** INFORMATION PROVIDED follows **

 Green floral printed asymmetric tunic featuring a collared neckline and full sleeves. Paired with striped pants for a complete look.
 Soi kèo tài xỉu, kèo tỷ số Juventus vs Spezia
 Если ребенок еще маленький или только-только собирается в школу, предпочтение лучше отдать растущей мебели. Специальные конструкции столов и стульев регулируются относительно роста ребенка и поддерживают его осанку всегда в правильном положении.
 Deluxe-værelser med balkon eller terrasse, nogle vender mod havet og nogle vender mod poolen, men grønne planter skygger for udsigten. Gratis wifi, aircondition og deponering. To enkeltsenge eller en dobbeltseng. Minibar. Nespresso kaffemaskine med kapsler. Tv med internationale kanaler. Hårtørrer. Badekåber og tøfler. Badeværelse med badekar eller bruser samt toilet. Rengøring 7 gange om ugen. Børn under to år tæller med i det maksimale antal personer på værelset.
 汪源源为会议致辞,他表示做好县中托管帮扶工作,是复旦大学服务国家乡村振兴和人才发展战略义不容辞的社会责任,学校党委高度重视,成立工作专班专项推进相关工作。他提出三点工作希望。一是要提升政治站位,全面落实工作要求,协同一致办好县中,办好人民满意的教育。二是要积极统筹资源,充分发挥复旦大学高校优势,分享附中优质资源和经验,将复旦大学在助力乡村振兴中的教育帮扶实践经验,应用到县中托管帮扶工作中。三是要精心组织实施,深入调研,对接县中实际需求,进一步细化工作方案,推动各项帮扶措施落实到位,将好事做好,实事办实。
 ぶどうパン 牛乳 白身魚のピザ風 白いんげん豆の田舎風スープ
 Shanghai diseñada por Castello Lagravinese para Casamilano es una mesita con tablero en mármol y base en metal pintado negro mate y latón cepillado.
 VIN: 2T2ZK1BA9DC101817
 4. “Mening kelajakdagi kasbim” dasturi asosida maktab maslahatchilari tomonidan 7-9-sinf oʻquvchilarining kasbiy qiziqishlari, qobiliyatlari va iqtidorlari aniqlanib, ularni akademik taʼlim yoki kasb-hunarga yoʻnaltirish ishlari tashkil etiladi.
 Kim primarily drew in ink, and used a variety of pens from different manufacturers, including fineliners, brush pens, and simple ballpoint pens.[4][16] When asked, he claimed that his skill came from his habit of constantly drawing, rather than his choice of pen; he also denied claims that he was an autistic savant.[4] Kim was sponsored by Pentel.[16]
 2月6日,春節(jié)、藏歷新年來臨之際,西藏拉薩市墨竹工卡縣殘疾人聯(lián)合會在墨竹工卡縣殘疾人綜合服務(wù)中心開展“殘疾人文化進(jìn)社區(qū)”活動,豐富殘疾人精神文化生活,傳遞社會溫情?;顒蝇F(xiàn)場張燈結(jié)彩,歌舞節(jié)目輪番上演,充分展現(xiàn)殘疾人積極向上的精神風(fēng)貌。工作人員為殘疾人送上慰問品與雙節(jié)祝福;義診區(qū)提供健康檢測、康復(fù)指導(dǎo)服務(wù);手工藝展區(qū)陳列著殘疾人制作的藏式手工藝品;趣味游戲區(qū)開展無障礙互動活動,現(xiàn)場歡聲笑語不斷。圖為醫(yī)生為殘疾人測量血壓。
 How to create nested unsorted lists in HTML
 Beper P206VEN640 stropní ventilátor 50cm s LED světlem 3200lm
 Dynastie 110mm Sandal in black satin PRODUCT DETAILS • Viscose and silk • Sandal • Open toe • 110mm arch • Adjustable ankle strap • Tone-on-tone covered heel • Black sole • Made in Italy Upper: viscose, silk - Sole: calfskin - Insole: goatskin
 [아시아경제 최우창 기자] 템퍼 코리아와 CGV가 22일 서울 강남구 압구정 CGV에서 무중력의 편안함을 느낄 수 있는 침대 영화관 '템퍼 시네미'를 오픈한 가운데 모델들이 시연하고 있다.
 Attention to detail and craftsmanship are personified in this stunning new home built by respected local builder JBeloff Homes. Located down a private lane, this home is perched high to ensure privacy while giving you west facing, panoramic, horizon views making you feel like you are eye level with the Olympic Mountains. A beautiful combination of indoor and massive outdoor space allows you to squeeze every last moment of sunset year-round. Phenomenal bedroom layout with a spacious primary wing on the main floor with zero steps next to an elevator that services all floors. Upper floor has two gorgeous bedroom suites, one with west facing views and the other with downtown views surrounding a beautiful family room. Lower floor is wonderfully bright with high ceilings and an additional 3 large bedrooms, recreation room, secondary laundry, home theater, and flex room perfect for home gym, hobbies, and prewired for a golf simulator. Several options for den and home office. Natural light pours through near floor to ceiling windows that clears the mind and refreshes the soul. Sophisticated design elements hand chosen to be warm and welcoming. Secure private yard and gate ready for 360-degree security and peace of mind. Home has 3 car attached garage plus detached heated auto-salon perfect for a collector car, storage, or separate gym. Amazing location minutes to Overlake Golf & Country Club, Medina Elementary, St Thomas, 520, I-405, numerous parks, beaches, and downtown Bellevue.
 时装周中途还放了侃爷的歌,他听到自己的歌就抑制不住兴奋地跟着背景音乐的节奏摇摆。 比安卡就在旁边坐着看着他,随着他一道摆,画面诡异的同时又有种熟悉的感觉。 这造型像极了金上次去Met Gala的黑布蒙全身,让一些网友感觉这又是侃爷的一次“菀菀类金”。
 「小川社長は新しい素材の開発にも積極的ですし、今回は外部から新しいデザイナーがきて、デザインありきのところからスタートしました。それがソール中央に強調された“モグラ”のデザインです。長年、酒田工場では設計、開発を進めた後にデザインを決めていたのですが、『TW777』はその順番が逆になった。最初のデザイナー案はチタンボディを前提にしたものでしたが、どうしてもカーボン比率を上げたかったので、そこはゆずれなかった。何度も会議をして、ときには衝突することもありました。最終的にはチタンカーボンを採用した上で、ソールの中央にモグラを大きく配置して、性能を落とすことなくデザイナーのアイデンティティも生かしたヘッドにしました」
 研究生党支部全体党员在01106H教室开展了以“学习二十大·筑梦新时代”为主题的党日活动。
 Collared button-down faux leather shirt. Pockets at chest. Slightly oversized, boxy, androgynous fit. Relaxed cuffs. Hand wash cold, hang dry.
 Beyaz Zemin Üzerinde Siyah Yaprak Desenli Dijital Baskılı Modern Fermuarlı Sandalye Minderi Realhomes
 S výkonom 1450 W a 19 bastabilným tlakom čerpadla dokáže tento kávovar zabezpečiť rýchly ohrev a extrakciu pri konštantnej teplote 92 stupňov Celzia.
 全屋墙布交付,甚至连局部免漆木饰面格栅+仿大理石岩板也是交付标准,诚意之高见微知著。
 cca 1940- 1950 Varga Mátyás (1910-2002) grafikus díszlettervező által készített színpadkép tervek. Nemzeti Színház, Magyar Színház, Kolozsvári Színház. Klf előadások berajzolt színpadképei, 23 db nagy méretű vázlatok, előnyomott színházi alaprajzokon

** End of INFORMATION PROVIDED **

EXERCISE AIM » Nothing is to be left out; every record above must be repeated exactly.

RESULT FOR THIS EXERCISE »
 Green floral printed asymmetric tunic featuring a collared neckline and full sleeves. Paired with striped pants for a complete look.
 Soi kèo tài xỉu, kèo tỷ số Juventus vs Spezia
 Если ребенок еще маленький или только-только собирается в школу, предпочтение лучше отдать растущей мебели. Специальные конструкции столов и стульев регулируются относительно роста ребенка и поддерживают его осанку всегда в правильном положении.
 Deluxe-værelser med balkon eller terrasse, nogle vender mod havet og nogle vender mod poolen, men grønne planter skygger for udsigten. Gratis wifi, aircondition og deponering. To enkeltsenge eller en dobbeltseng. Minibar. Nespresso kaffemaskine med kapsler. Tv med internationale kanaler. Hårtørrer. Badekåber og tøfler. Badeværelse med badekar eller bruser samt toilet. Rengøring 7 gange om ugen. Børn under to år tæller med i det maksimale antal personer på værelset.
 汪源源为会议致辞,他表示做好县中托管帮扶工作,是复旦大学服务国家乡村振兴和人才发展战略义不容辞的社会责任,学校党委高度重视,成立工作专班专项推进相关工作。他提出三点工作希望。一是要提升政治站位,全面落实工作要求,协同一致办好县中,办好人民满意的教育。二是要积极统筹资源,充分发挥复旦大学高校优势,分享附中优质资源和经验,将复旦大学在助力乡村振兴中的教育帮扶实践经验,应用到县中托管帮扶工作中。三是要精心组织实施,深入调研,对接县中实际需求,进一步细化工作方案,推动各项帮扶措施落实到位,将好事做好,实事办实。
 ぶどうパン 牛乳 白身魚のピザ風 白いんげん豆の田舎風スープ
 Shanghai diseñada por Castello Lagravinese para Casamilano es una mesita con tablero en mármol y base en metal pintado negro mate y latón cepillado.
 VIN: 2T2ZK1BA9DC101817
 4. “Mening kelajakdagi kasbim” dasturi asosida maktab maslahatchilari tomonidan 7-9-sinf oʻquvchilarining kasbiy qiziqishlari, qobiliyatlari va iqtidorlari aniqlanib, ularni akademik taʼlim yoki kasb-hunarga yoʻnaltirish ishlari tashkil etiladi.
 Kim primarily drew in ink, and used a variety of pens from different manufacturers, including fineliners, brush pens, and simple ballpoint pens.[4][16] When asked, he claimed that his skill came from his habit of constantly drawing, rather than his choice of pen; he also denied claims that he was an autistic savant.[4] Kim was sponsored by Pentel.[16]
 2月6日,春節(jié)、藏歷新年來臨之際,西藏拉薩市墨竹工卡縣殘疾人聯(lián)合會在墨竹工卡縣殘疾人綜合服務(wù)中心開展“殘疾人文化進(jìn)社區(qū)”活動,豐富殘疾人精神文化生活,傳遞社會溫情?;顒蝇F(xiàn)場張燈結(jié)彩,歌舞節(jié)目輪番上演,充分展現(xiàn)殘疾人積極向上的精神風(fēng)貌。工作人員為殘疾人送上慰問品與雙節(jié)祝福;義診區(qū)提供健康檢測、康復(fù)指導(dǎo)服務(wù);手工藝展區(qū)陳列著殘疾人制作的藏式手工藝品;趣味游戲區(qū)開展無障礙互動活動,現(xiàn)場歡聲笑語不斷。圖為醫(yī)生為殘疾人測量血壓。
 How to create nested unsorted lists in HTML
 Beper P206VEN640 stropní ventilátor 50cm s LED světlem 3200lm
 Dynastie 110mm Sandal in black satin PRODUCT DETAILS • Viscose and silk • Sandal • Open toe • 110mm arch • Adjustable ankle strap • Tone-on-tone covered heel • Black sole • Made in Italy Upper: viscose, silk - Sole: calfskin - Insole: goatskin
 [아시아경제 최우창 기자] 템퍼 코리아와 CGV가 22일 서울 강남구 압구정 CGV에서 무중력의 편안함을 느낄 수 있는 침대 영화관 '템퍼 시네미'를 오픈한 가운데 모델들이 시연하고 있다.
 Attention to detail and craftsmanship are personified in this stunning new home built by respected local builder JBeloff Homes. Located down a private lane, this home is perched high to ensure privacy while giving you west facing, panoramic, horizon views making you feel like you are eye level with the Olympic Mountains. A beautiful combination of indoor and massive outdoor space allows you to squeeze every last moment of sunset year-round. Phenomenal bedroom layout with a spacious primary wing on the main floor with zero steps next to an elevator that services all floors. Upper floor has two gorgeous bedroom suites, one with west facing views and the other with downtown views surrounding a beautiful family room. Lower floor is wonderfully bright with high ceilings and an additional 3 large bedrooms, recreation room, secondary laundry, home theater, and flex room perfect for home gym, hobbies, and prewired for a golf simulator. Several options for den and home office. Natural light pours through near floor to ceiling windows that clears the mind and refreshes the soul. Sophisticated design elements hand chosen to be warm and welcoming. Secure private yard and gate ready for 360-degree security and peace of mind. Home has 3 car attached garage plus detached heated auto-salon perfect for a collector car, storage, or separate gym. Amazing location minutes to Overlake Golf & Country Club, Medina Elementary, St Thomas, 520, I-405, numerous parks, beaches, and downtown Bellevue.
 时装周中途还放了侃爷的歌,他听到自己的歌就抑制不住兴奋地跟着背景音乐的节奏摇摆。 比安卡就在旁边坐着看着他,随着他一道摆,画面诡异的同时又有种熟悉的感觉。 这造型像极了金上次去Met Gala的黑布蒙全身,让一些网友感觉这又是侃爷的一次“菀菀类金”。
 「小川社長は新しい素材の開発にも積極的ですし、今回は外部から新しいデザイナーがきて、デザインありきのところからスタートしました。それがソール中央に強調された“モグラ”のデザインです。長年、酒田工場では設計、開発を進めた後にデザインを決めていたのですが、『TW777』はその順番が逆になった。最初のデザイナー案はチタンボディを前提にしたものでしたが、どうしてもカーボン比率を上げたかったので、そこはゆずれなかった。何度も会議をして、ときには衝突することもありました。最終的にはチタンカーボンを採用した上で、ソールの中央にモグラを大きく配置して、性能を落とすことなくデザイナーのアイデンティティも生かしたヘッドにしました」
 研究生党支部全体党员在01106H教室开展了以“学习二十大·筑梦新时代”为主题的党日活动。
 Collared button-down faux leather shirt. Pockets at chest. Slightly oversized, boxy, androgynous fit. Relaxed cuffs. Hand wash cold, hang dry.
 Beyaz Zemin Üzerinde Siyah Yaprak Desenli Dijital Baskılı Modern Fermuarlı Sandalye Minderi Realhomes
 S výkonom 1450 W a 19 bastabilným tlakom čerpadla dokáže tento kávovar zabezpečiť rýchly ohrev a extrakciu pri konštantnej teplote 92 stupňov Celzia.
 全屋墙布交付,甚至连局部免漆木饰面格栅+仿大理石岩板也是交付标准,诚意之高见微知著。
 cca 1940- 1950 Varga Mátyás (1910-2002) grafikus díszlettervező által készített színpadkép tervek. Nemzeti Színház, Magyar Színház, Kolozsvári Színház. Klf előadások berajzolt színpadképei, 23 db nagy méretű vázlatok, előnyomott színházi alaprajzokon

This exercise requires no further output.